Technical Abstract: Volatile organic compounds (VOCs) emitted from foods and plants are typically analyzed by gas chromatography/mass spectrometry (GC/MS) or electronic-nose (E-nose) analysis. GC/MS is highly sensitive but lacks portability, while E-nose equipment is portable but has a narrow range of analysis. In this study, a Raman-based VOC detection system was developed along with multivariate analysis for spectral differentiation of VOCs. A 5 µL droplet each of four representative VOCs (linalool, cis-3-hexenyl acetate, cis-3-hexen-1-ol, methyl salicylate) was pre-concentrated with Hayesep Q adsorbent in a sealed chamber. After a given collection time (20 and 60 mins), Raman spectroscopy was used to measure the VOC eluates from each adsorbent. Two collection times were tested, and single VOCs versus VOC mixtures were compared. Finally, Raman spectral data were processed with baseline correction and normalization and analyzed with unsupervised and supervised learning techniques. After 20 minutes of collection, individual and mixed volatiles showed unique spectral features, and the multivariate techniques produced good discrimination among the VOCs.
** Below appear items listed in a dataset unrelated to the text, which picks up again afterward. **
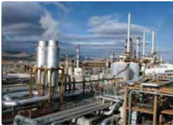
شکل ۳۲-۶ پتروشیمی فارس
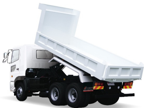
大型リヤダンプトラック
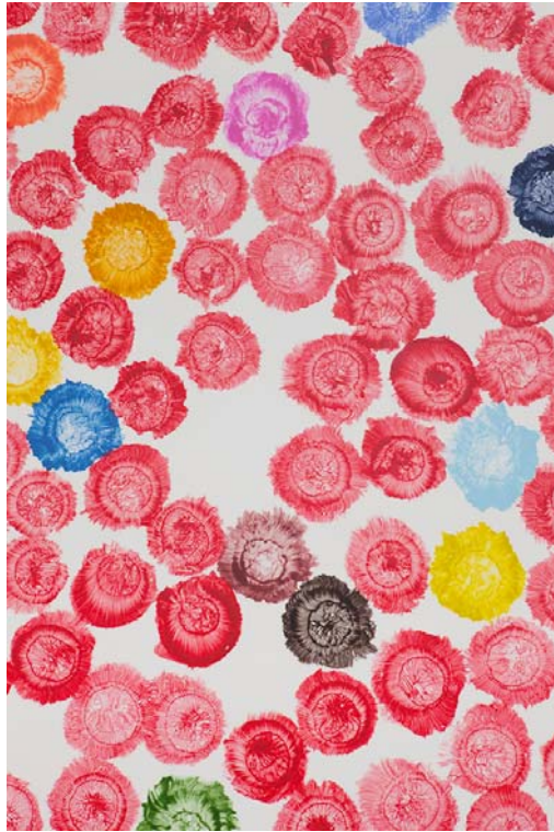
Bernard Frize, Puxo, 2011 © VG Bild-Kunst, Bonn 2016
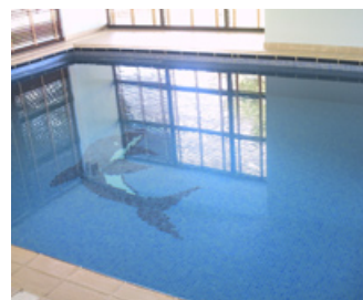
Relaxační bazén se salinitou Mrtvého moře

Co mi ČSR dala? To, co jsem, v nehlubší podstatě. Nevzala mi nic, systém mi vzal vlast, lásky a přátelství, ale jen geograficky. Tím, že mě vykopli, mi pomohl přesáhnout mé vlastní limity, získat sebevědomí, lásku a úctu k sobě samé, dotvořit sebe profesionálně, dát mi světový rozhled a pohled s odstupem na život, v holistickém slova smyslu.
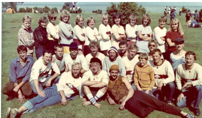
Viimane aasta Muhus – 1984.

Teiseks ühendas Muhu endas selle, mida tegelikult kõik rühmad tahtsid – et oleks hea teenistus ja pull suvi.
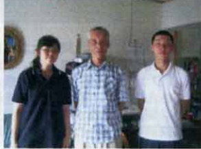
一世ハラボジのお話を聞く

真夏の猛暑の中、日本学校へ通う同胞学生対象のサマースクール(写真左)への動員活動、8月3日に行われた「8.15慶祝夜会」の案内(当日のお手伝い)、10.4宣言履行を求める署名集めなど、短期間に多くの実践をしました。
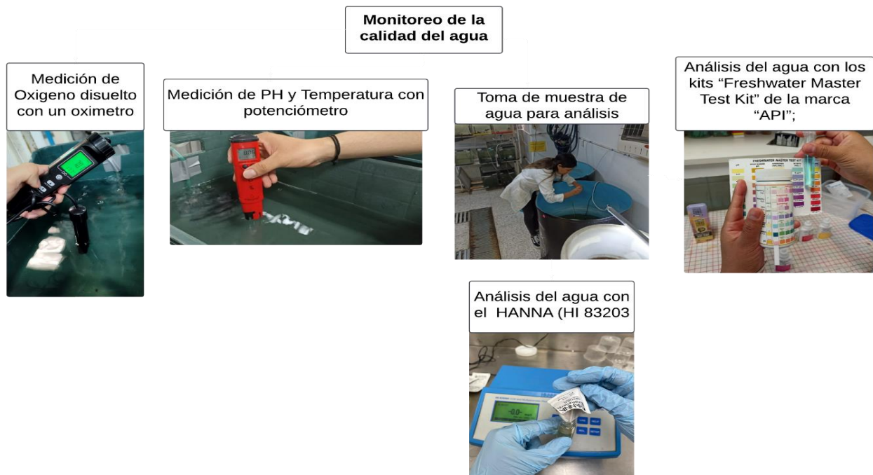
Figura 2. Esquema de monitoreo de agua.

En los casos en que los parámetros no se encontraban dentro de los rangos óptimos establecidos, se realizaron recambios de agua hasta alcanzar las condiciones adecuadas para garantizar un ambiente óptimo para el desarrollo de los cultivos, este monitoreo constante permite mantener la estabilidad y calidad del agua en todo momento.
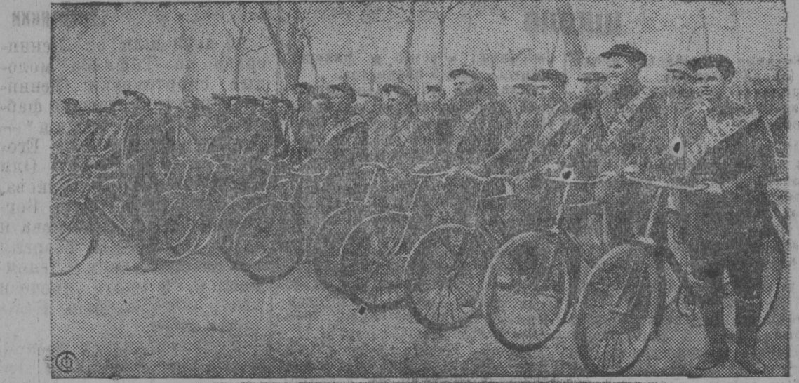
В прошлом году колхозники станицы Старо-Титаровской Темрюковского района Азово-Черноморского края добились хороших урожаев. На доходы, полученные по трудодням, колхозники приобрели много предметов личного пользования в том числе велосипеды. В настоящее время в станице Старо-Титаровской у колхозников насчитывается 370 велосипедов. На днях райсовет Физкультуры организовал в станице колхозный велопробег по маршруту: Старо-Титаровская—Ахтонизовская—Темрюк—Старо—Титаровская. В велопробеге приняли участие свыше 60 лучших производителей стахановцев—колхозников. НА СН: УЧАСТНИКИ ВЕЛОПРОБЕГА В ГОР. ТЕМРЮК.
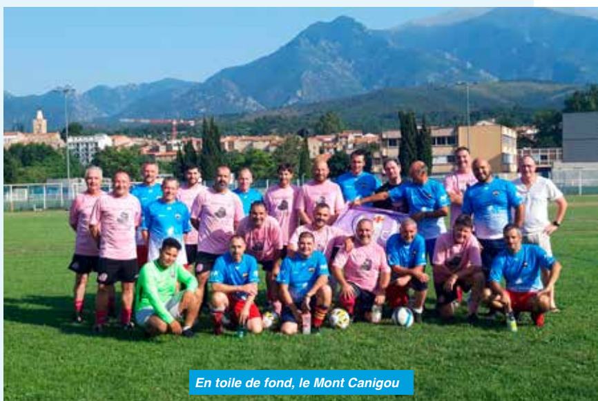
En toile de fond, le Mont Canigou

Puis, foot oblige, ils prirent la direction de Prades pour affronter à 18 heures leurs homologues locaux. Match très sympathique qui se termina – bien sûr – par une victoire auzielloise. Pour récupérer de leur fatigue, les deux équipes organisèrent une « petite soirée » : grillades, feu de camp, chansons, etc..- soirée qui se termina tard au petit matin. Dimanche matin malgré le peu de sommeil, les jambes lourdes, quelques clochettes dans le crâne, nos vétérans rejoignirent Auzielle.

Raman spectroscopy was also used to measure mixtures containing three VOCs at five different concentrations, and when principle component regression was applied, a concentration-estimation curve with a high R2 of 0.953 was generated. This system developed on VOC standards was tested on two types of tea (black and earl grey) to determine the differentiability of tea aromas, and several unique Raman spectra were observed from the tea samples. Therefore, the proposed Raman technique has proven to be effective at fast screening of multiple VOCs given off from foods and plants and is a good candidate for fast and portable applications.